Lynn Orr

Served as the Under Secretary for Science and Energy from December 17, 2014 to January 20, 2017. As the Under Secretary, Dr. Orr was the principal advisor to the Secretary and Deputy Secretary on clean energy technologies and science and energy research initiatives.  Dr. Orr was the inaugural Under Secretary for the office, which was created by Secretary of Energy Ernest Moniz to closely integrate DOE’s basic science, applied research, technology development, and deployment efforts. As Under Secretary, he oversaw DOE’s offices of Electricity Delivery and Energy Reliability, Energy Efficiency and Renewable Energy, Fossil Energy, Indian Energy Policy and Programs, Nuclear Energy, and Science.  In total, these programs steward the majority of DOE’s National Laboratories (13 of 17).

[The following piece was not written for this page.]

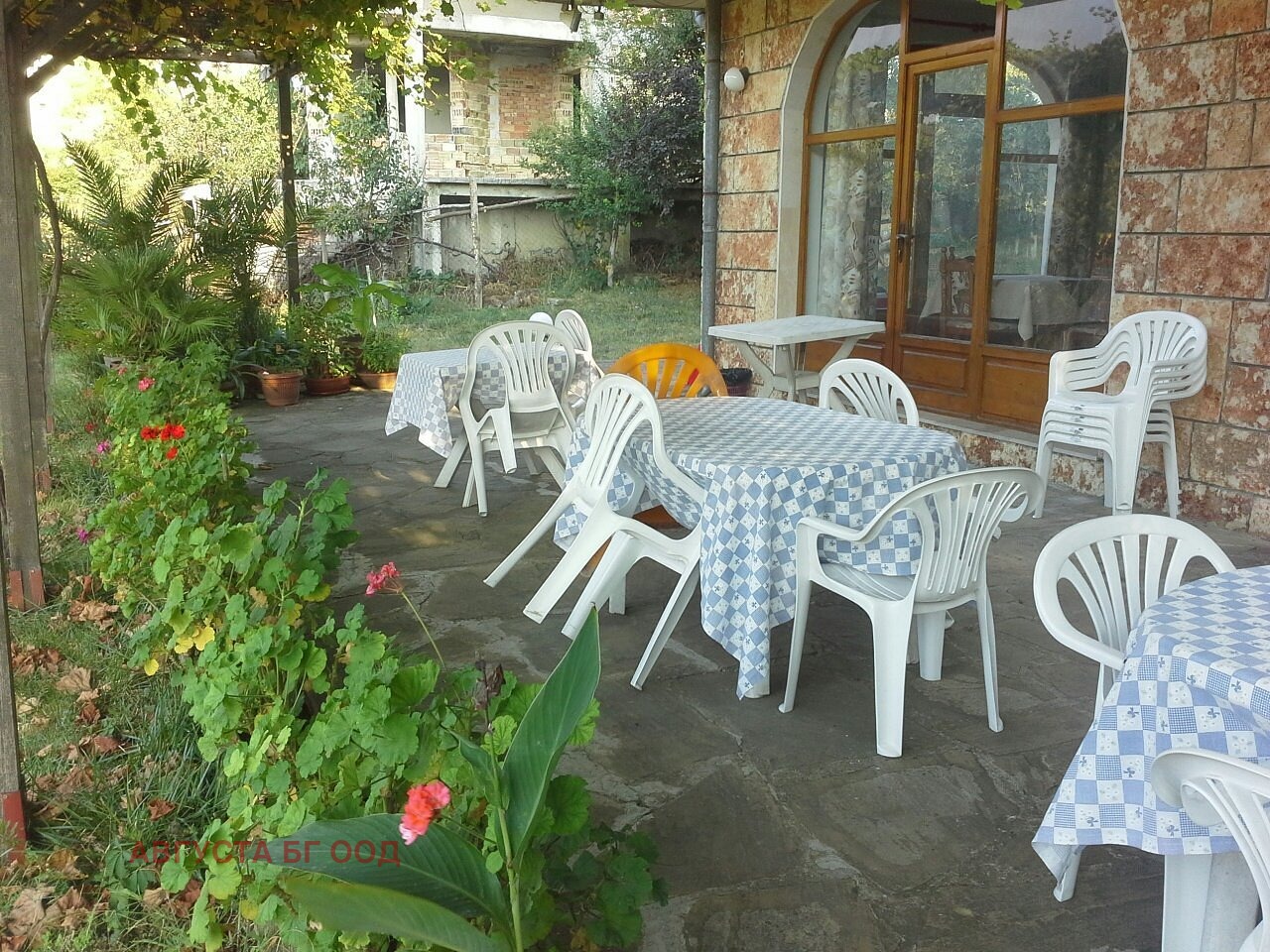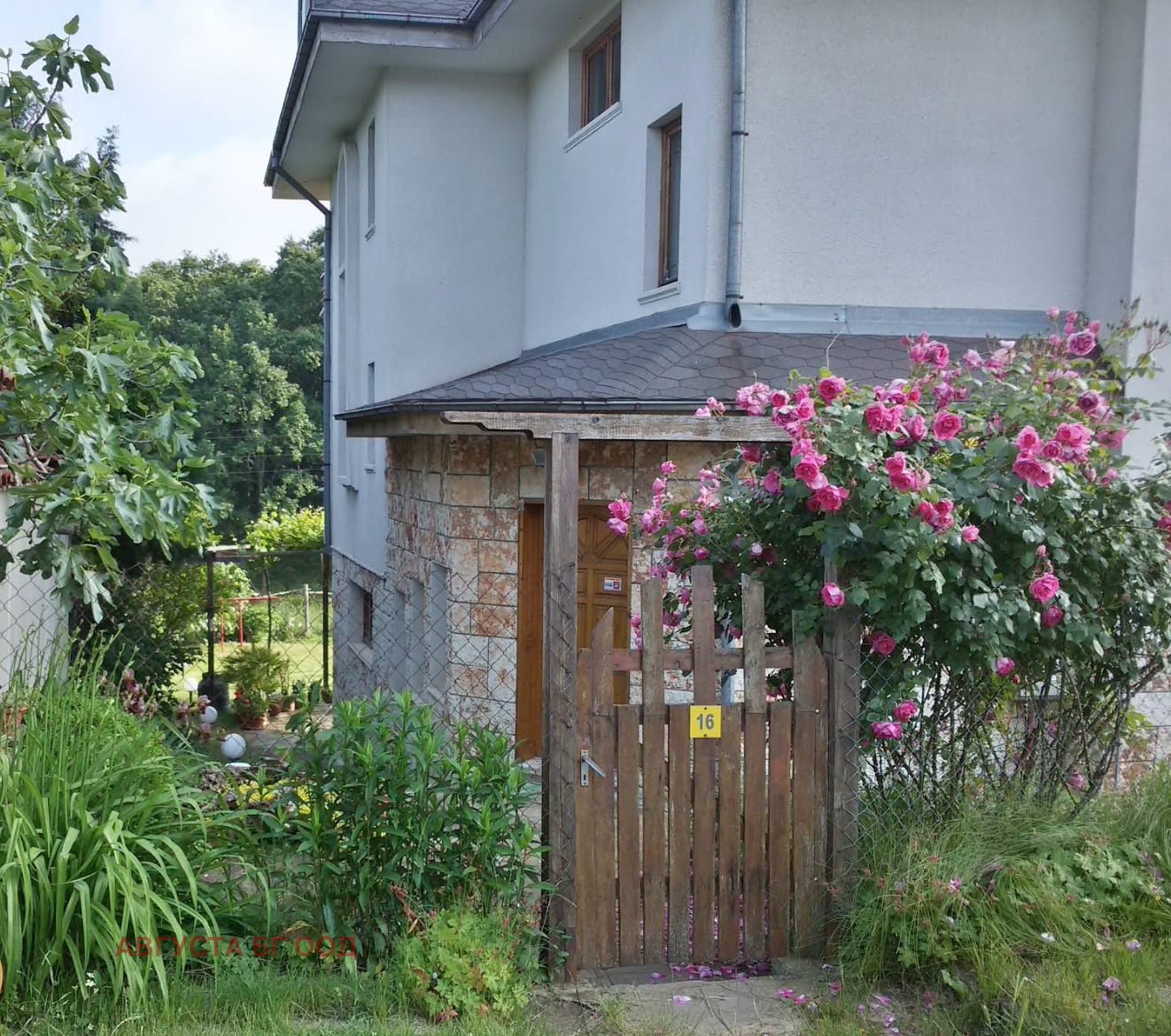 Дворът е озеленен с плодни дръвчета, което създава приятна и уютна атмосфера.

Prior to joining the Department of Energy, Dr. Orr was the Keleen and Carlton Beal Professor Emeritus in the Department of Energy Resources Engineering at Stanford University. He joined Stanford in 1985.  He served as the founding director of the Precourt Institute for Energy at Stanford University from 2009 to 2013.  He was the founding director of the Stanford Global Climate and Energy Project from 2002 to 2008, and he served as Dean of the School of Earth Sciences at Stanford from 1994 to 2002.  He was head of the miscible flooding section at the New Mexico Petroleum Recovery Research Center, New Mexico Institute of Mining and Technology from 1978 to 1985, a research engineer at the Shell Development Company Bellaire Research Center from 1976 to 1978, and assistant to the director, Office of Federal Activities, U.S. Environmental Protection Agency from 1970 to 1972. He holds a Ph.D. from the University of Minnesota and a B.S. from Stanford University, both in Chemical Engineering.

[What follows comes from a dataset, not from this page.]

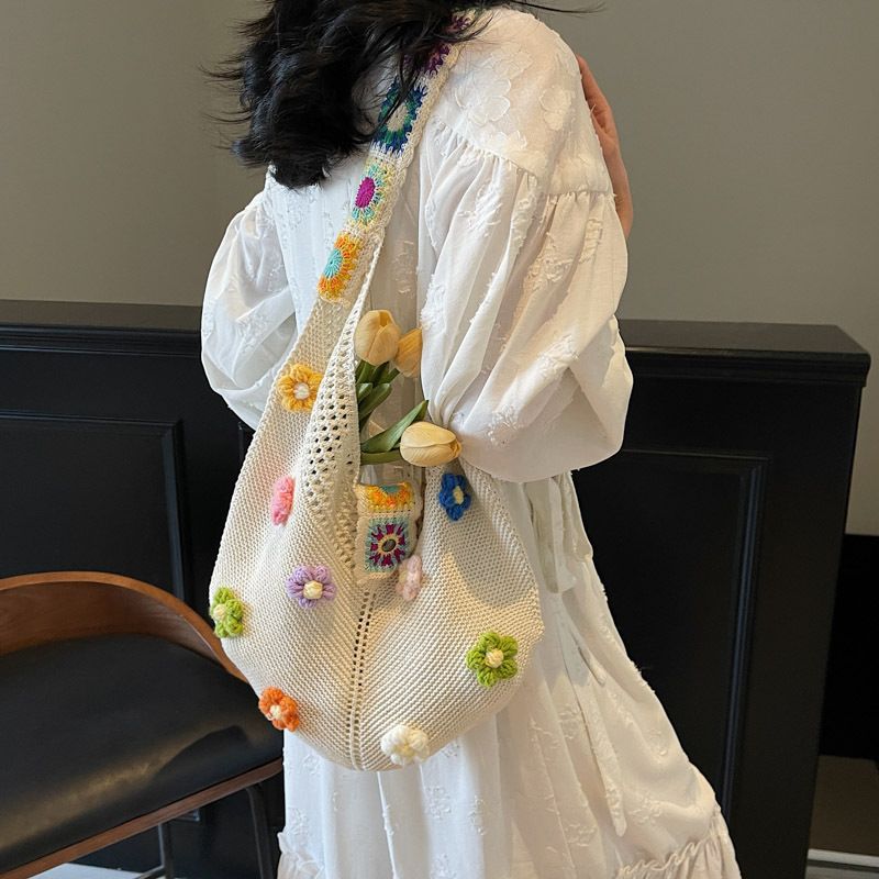 Hollow Woven Bag for Women, Large Capacity Summer Straw Bag, Beach Vacation Style, Relaxed Flower Beach Bag, Rattan Woven

Dr. Orr is also a member of the National Academy of Engineering.  He served as a member of the Board of Directors of the Monterey Bay Aquarium Research Institute from 1987 to 2014, and was a member of the Board of Trustees of the David and Lucile Packard Foundation from 1999 to 2008, for which he has also chaired the Science Advisory Panel for the Packard Fellowships in Science and Engineering from 1988 to 2014.  He served as a member of the 2008/09 National Research Council Committee on America’s Energy Future.

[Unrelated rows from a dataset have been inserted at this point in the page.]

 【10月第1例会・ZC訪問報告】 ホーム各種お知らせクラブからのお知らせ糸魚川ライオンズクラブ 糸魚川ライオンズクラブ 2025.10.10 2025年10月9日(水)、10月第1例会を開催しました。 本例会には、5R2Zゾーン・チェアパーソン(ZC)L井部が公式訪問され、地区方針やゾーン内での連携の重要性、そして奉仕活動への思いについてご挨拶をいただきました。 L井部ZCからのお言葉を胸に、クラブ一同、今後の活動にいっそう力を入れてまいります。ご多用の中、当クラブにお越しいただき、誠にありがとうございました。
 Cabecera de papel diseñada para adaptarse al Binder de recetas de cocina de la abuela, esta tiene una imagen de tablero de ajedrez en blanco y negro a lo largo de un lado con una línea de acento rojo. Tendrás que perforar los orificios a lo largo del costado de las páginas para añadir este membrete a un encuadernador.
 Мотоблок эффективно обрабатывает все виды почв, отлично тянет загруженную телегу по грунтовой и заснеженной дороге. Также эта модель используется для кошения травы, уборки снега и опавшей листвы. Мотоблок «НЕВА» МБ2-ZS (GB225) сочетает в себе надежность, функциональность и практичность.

Bellaire Research Center from 1976 to 1978, and assistant to the director, Office of Federal Activities, U.S. Environmental Protection Agency from 1970 to 1972. He holds a Ph.D. from the University of Minnesota and a B.S. from Stanford University, both in Chemical Engineering.

Dr. Orr is also a member of the National Academy of Engineering.  He served as a member of the Board of Directors of the Monterey Bay Aquarium Research Institute from 1987 to 2014, and was a member of the Board of Trustees of the David and Lucile Packard Foundation from 1999 to 2008, for which he has also chaired the Science Advisory Panel for the Packard Fellowships in Science and Engineering from 1988 to 2014.  He served as a member of the 2008/09 National Research Council Committee on America’s Energy Future.

Robert S. Schechter Lecture, University of Texas at Austin, August 23, 2018, Dr. Lynn Orr, Stanford University

Abstract

The Global Energy Transition

Energy is the lifeblood of modern societies.  Energy services are woven throughout the fabric of modern life, rural or urban, in the developed world.  Inhabitants of developing countries who do not yet have full access to abundant, clean, and low cost energy have every reason to expect and will benefit dramatically from full access to energy services that the developed world takes for granted.  A successful nation’s future energy system will provide energy security, economic security, and health and environmental security.  Economies based on diversified, secure, efficient, abundant, cost-effective, and clean energy supplies will lead international economic competition. The key challenge is to meet those broad goals with energy technologies that are clean, deployable at large scale, and fully cost competitive. 

Technology improvements in production of oil and gas, and a resulting transition away from coal as the primary fuel  for electric power generation, deep reductions in the cost of technologies like solar and wind, increasing energy efficiency, and efforts to modernize the transmission and distribution of electric power, including deployment of energy storage, are reshaping the energy landscape for the United States and the world.  Recent progress has been impressive, but there is much more to be done.  This presentation reviews examines options for meeting those challenges, outlines the need for additional energy innovation, and explores research and development pathways that offer important opportunities for continued progress toward those goals.  The important roles of engineers and scientists who understand the opportunities and complexities of the Earth’s subsurface and it’s contributions to clean energy systems will be highlighted.